The current research goal of our laboratory is to understand the mechanisms behind bacteriocin production and its role in influencing microbial dynamics. Bacteriocins are a large class of ribosomally synthesized peptides produced by bacteria that encompass an enormous range of structure and function. Although bacteriocins have been historically investigated for their potential antimicrobial activities, recent efforts in genomics and natural product discovery have led to a tremendous ‘explosion’ in the sheer number and diversity of bacteriocins from the prokaryotic domain. It has been estimated that all bacteria and Archaea produce at least one, if not multiple bacteriocin-like peptides, that have diverse activities ranging from antimicrobial, anti-viral, anti-parasitic compounds, to host virulence factors, to bacterial signaling molecules that mediate polymicrobial dynamics and multicellular behaviors such as biofilm formation.

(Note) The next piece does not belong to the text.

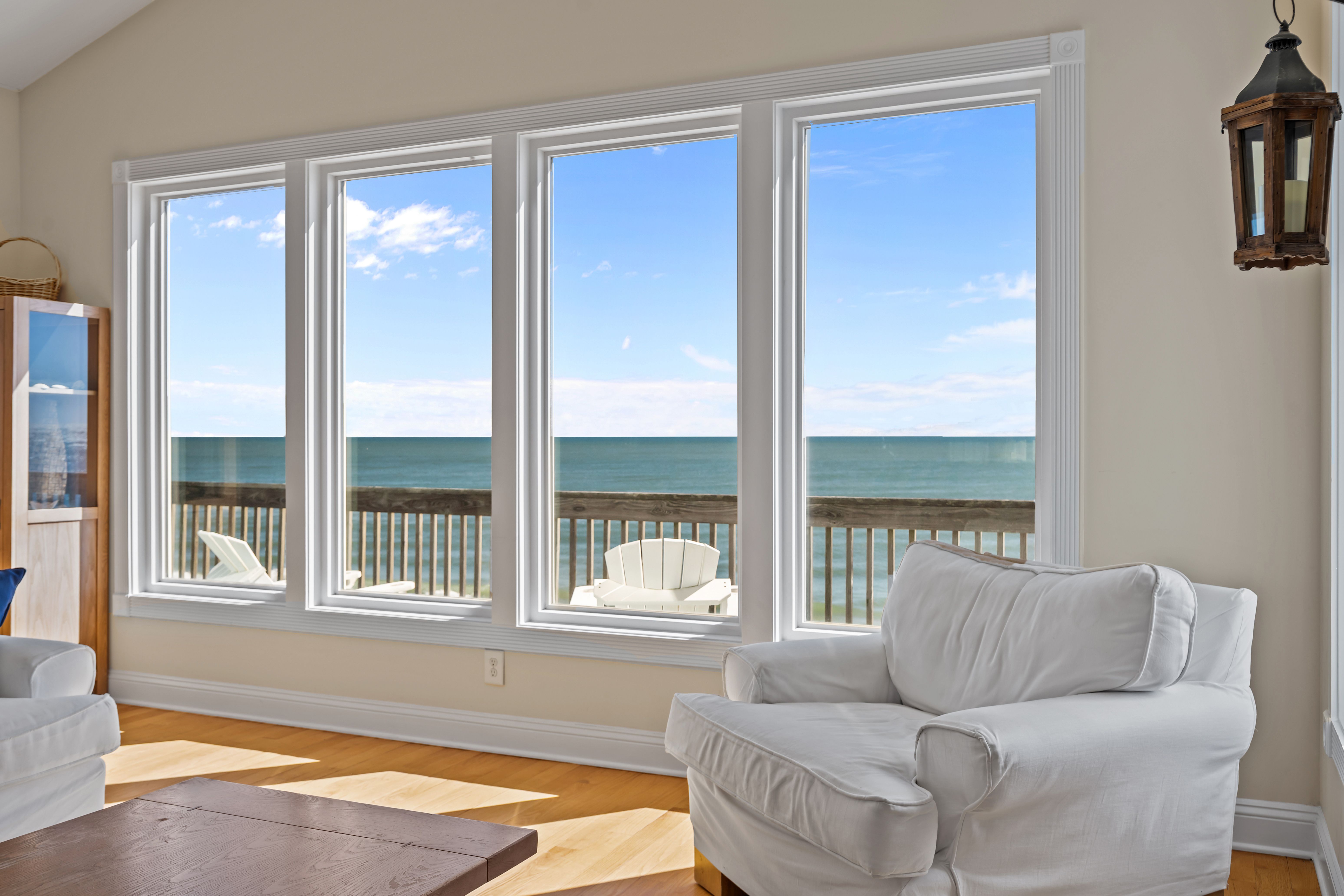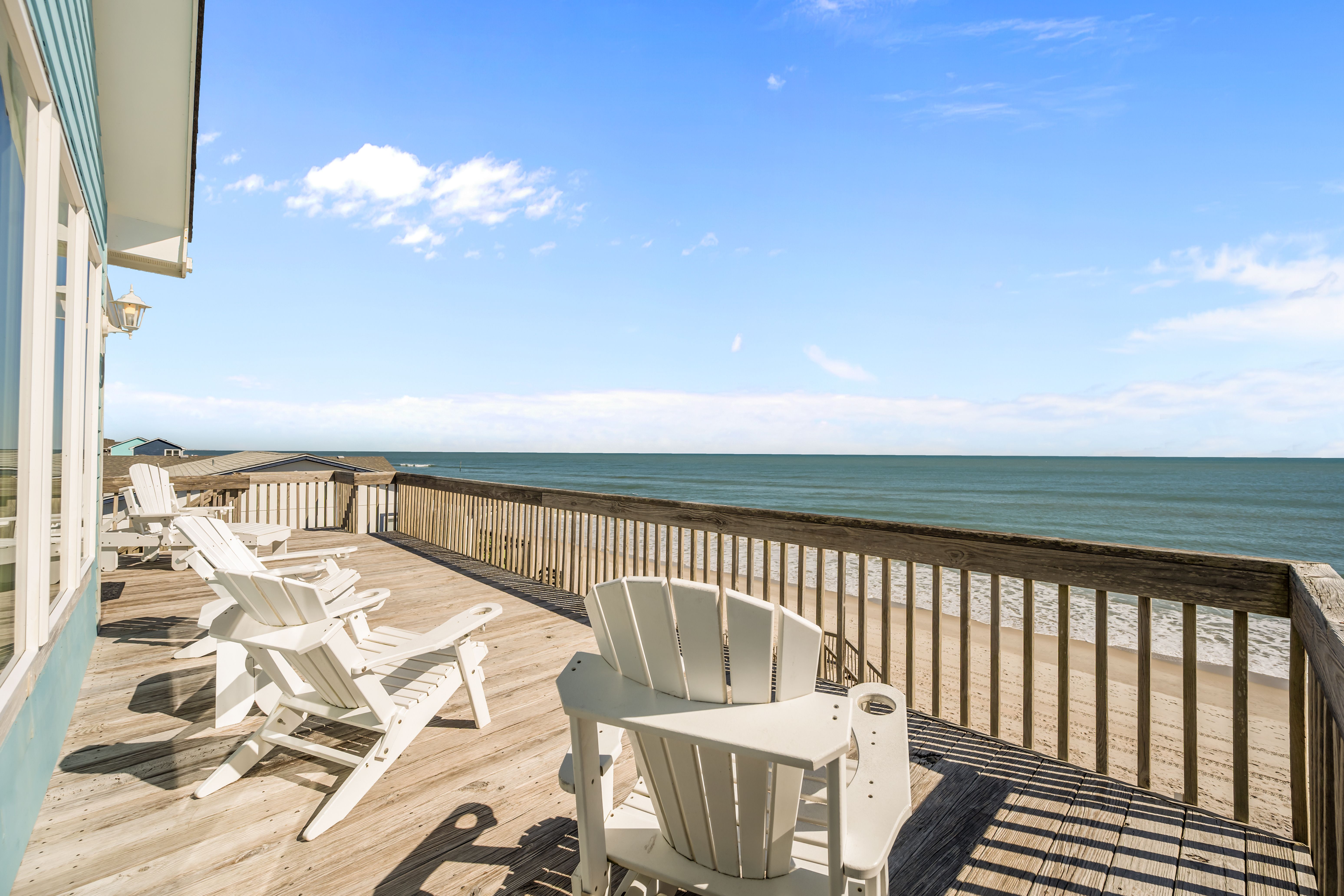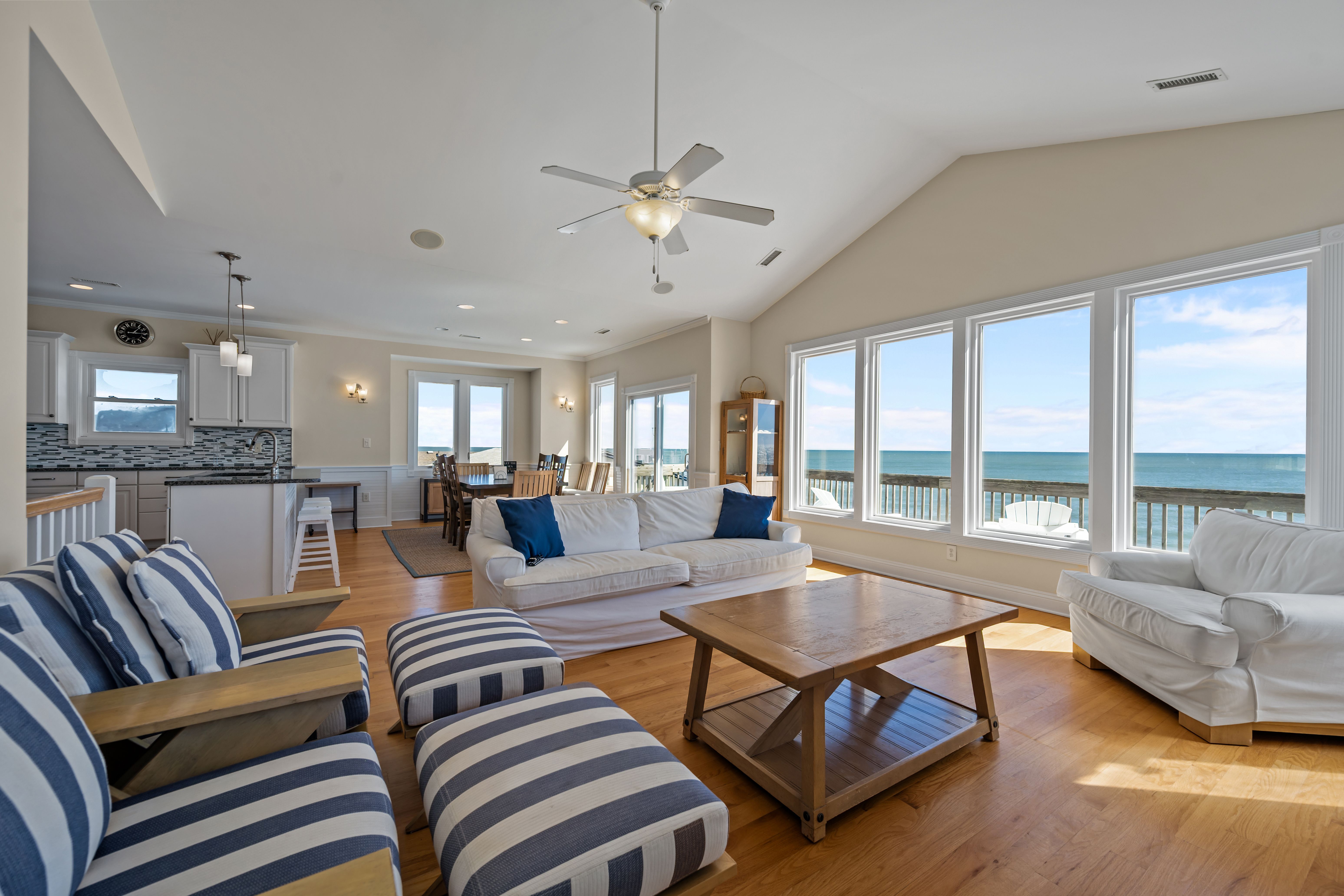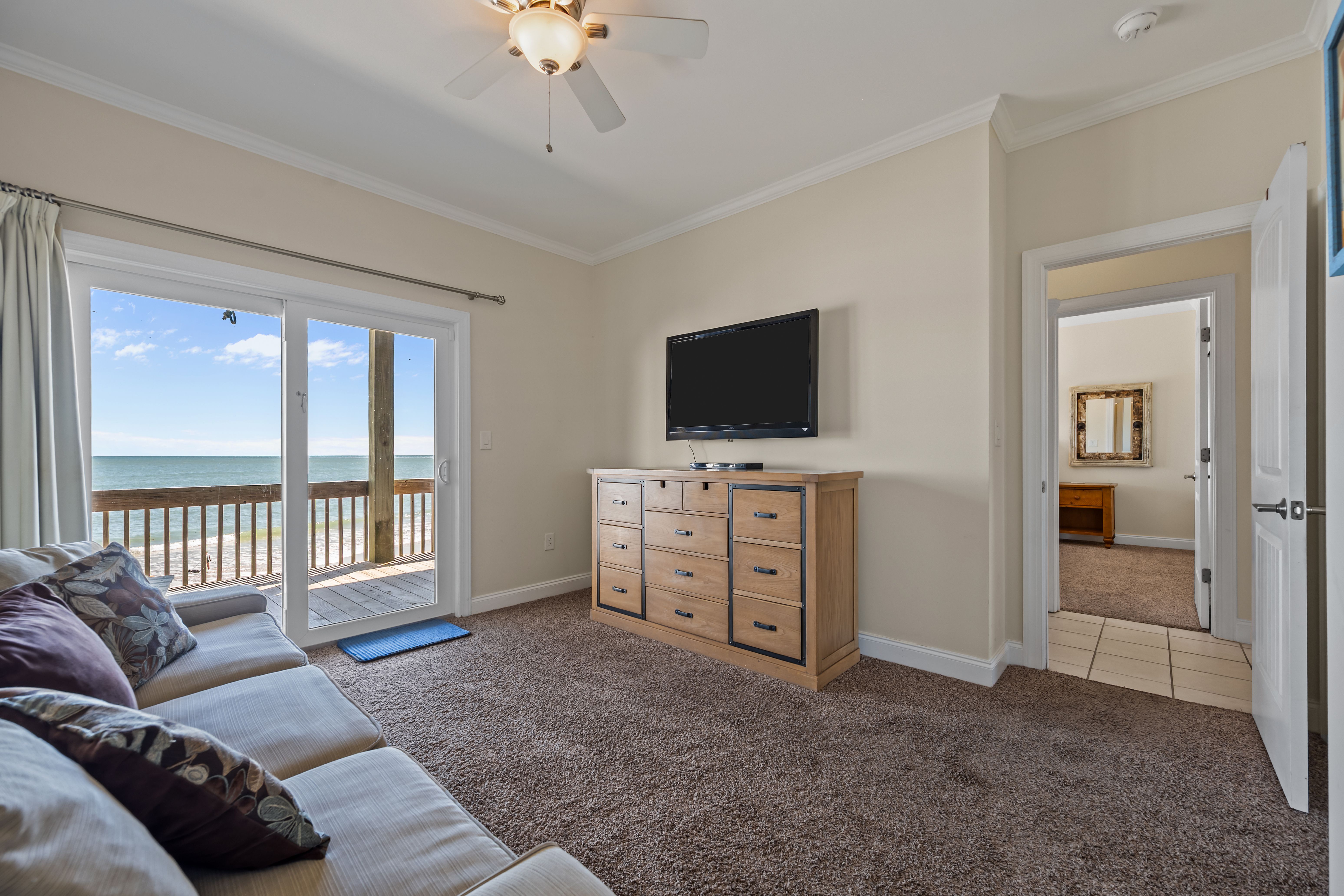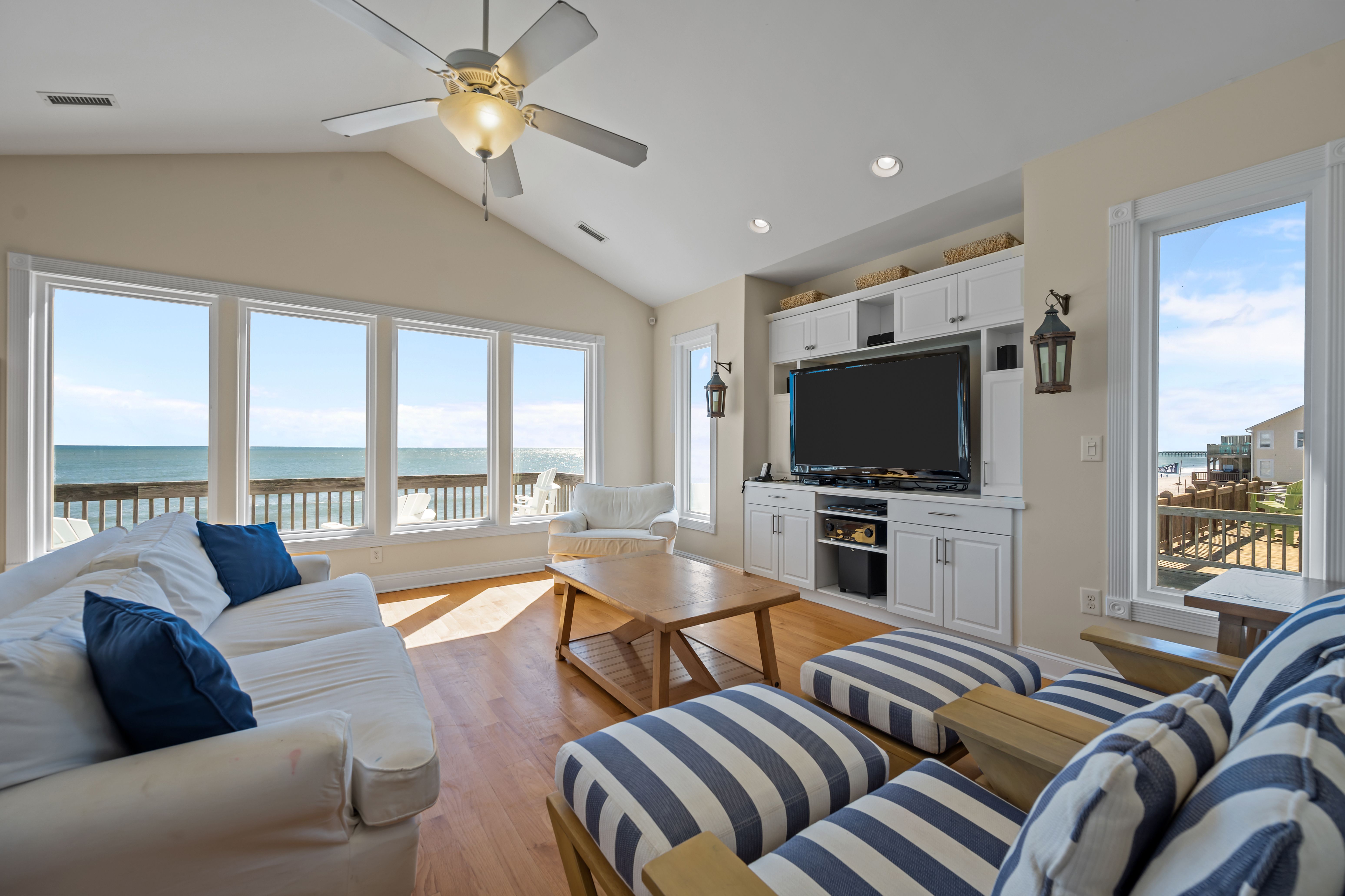 This 5-bedroom, 4-bathroom home comfortably accommodates up to 12 guests. The top floor is designed for gathering and entertaining, featuring a bright and airy great room with a fully equipped kitchen, spacious dining area, and cozy living room complete with built-in entertainment center. Floor-to-ceiling windows showcase sweeping beach views, and sliding doors lead to the oceanfront deck—perfect for morning coffee or evening cocktails as you take in the sights and sounds of the sea. This level also includes a bedroom with two sets of twin over twin bunk beds (sleeping 4) and a full bathroom.

A primary focus in our lab is to gain a better understanding of the role of bacteriocin-like cytotoxins produced by bacterial pathogens in influencing host disease. As a model, we focus on the ribosomally produced peptide toxin, Streptolysin S, produced by the Gram-positive human pathogen, Group A Streptococcus. Although historically investigated as a powerful cytolysin, recent findings have indicated that Streptolysin S and related toxins may also alter host cell processes at various points during the infection process. Insights into how the Streptolysin S alters host immunity will guide the development of novel therapeutics, as well as vaccine strategies for treatment and prevention of diseases caused by Group A Streptococcus, as this pathogen is responsible for an estimated 18 millions cases of severe disease each year.
Efforts in our laboratory involve important multidisciplinary avenues-- genomic and biochemical approaches for the identification of bacteriocin candidates, as well as molecular and microbiology-based approaches to better understand how microorganisms biosynthesize and utilize these bacteriocins in the context of host pathogenesis, immunity and polymicrobial interactions.